*Work request:* Below are entries. Copy exactly the lines running from the line that holds "可児 浪人生さんを姓名の画数から五運を鑑定" to the line that holds "transparência do vidro.", with both ends included.

*Records provided:*
__________________________________________________

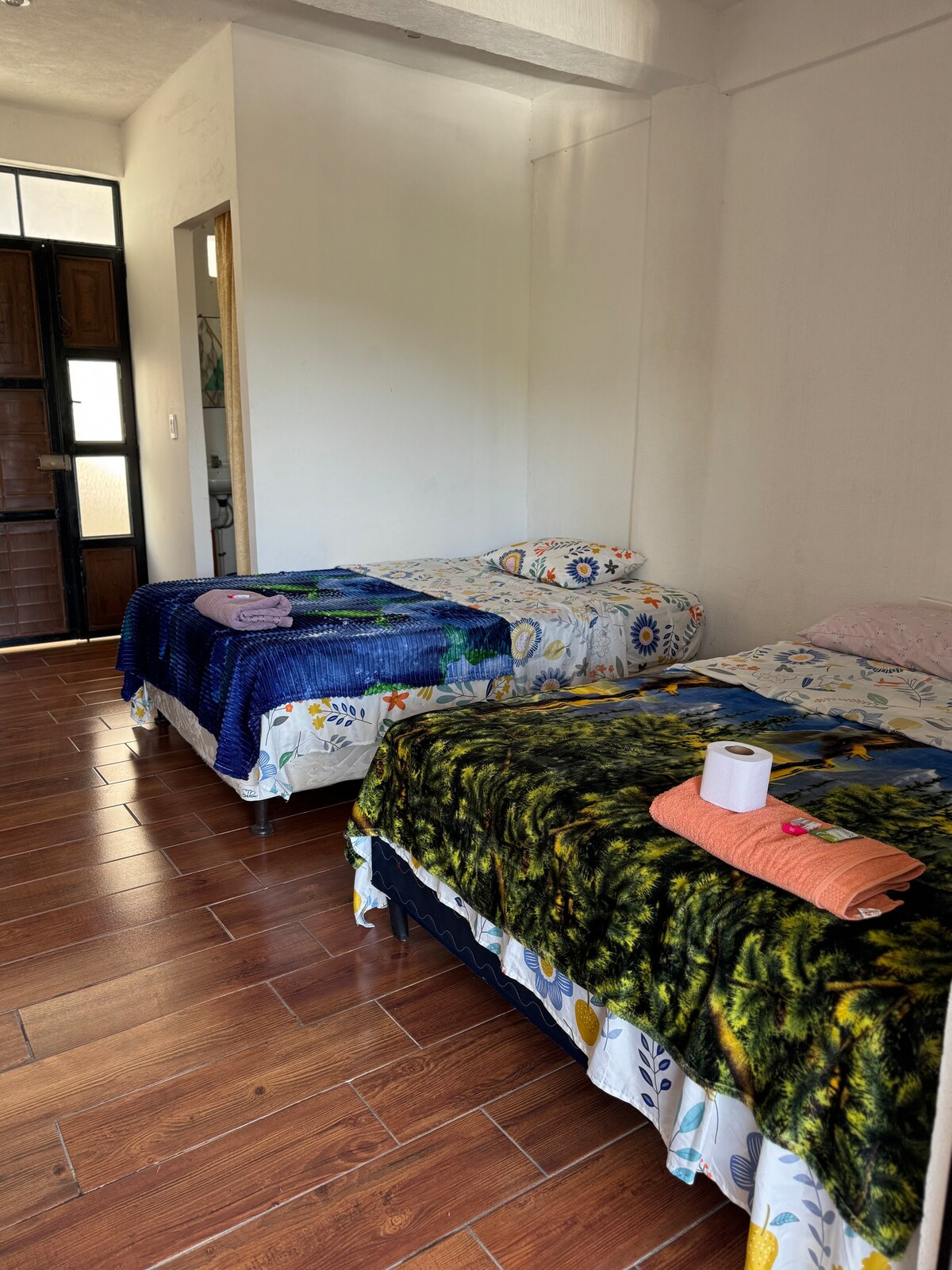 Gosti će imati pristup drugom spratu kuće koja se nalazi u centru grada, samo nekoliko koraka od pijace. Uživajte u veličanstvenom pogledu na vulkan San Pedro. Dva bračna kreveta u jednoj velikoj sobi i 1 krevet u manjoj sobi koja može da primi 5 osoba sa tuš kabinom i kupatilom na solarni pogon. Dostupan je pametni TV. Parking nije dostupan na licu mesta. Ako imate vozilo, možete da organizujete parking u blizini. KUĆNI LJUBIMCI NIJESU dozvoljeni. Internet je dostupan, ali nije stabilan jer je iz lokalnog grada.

__________________________________________________

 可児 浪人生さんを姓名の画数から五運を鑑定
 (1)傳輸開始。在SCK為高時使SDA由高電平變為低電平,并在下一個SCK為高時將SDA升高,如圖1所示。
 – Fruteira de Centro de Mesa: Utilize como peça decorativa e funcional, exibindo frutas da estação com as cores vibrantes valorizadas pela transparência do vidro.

__________________________________________________

*Reply to the exercise:*
 可児 浪人生さんを姓名の画数から五運を鑑定
 (1)傳輸開始。在SCK為高時使SDA由高電平變為低電平,并在下一個SCK為高時將SDA升高,如圖1所示。
 – Fruteira de Centro de Mesa: Utilize como peça decorativa e funcional, exibindo frutas da estação com as cores vibrantes valorizadas pela transparência do vidro.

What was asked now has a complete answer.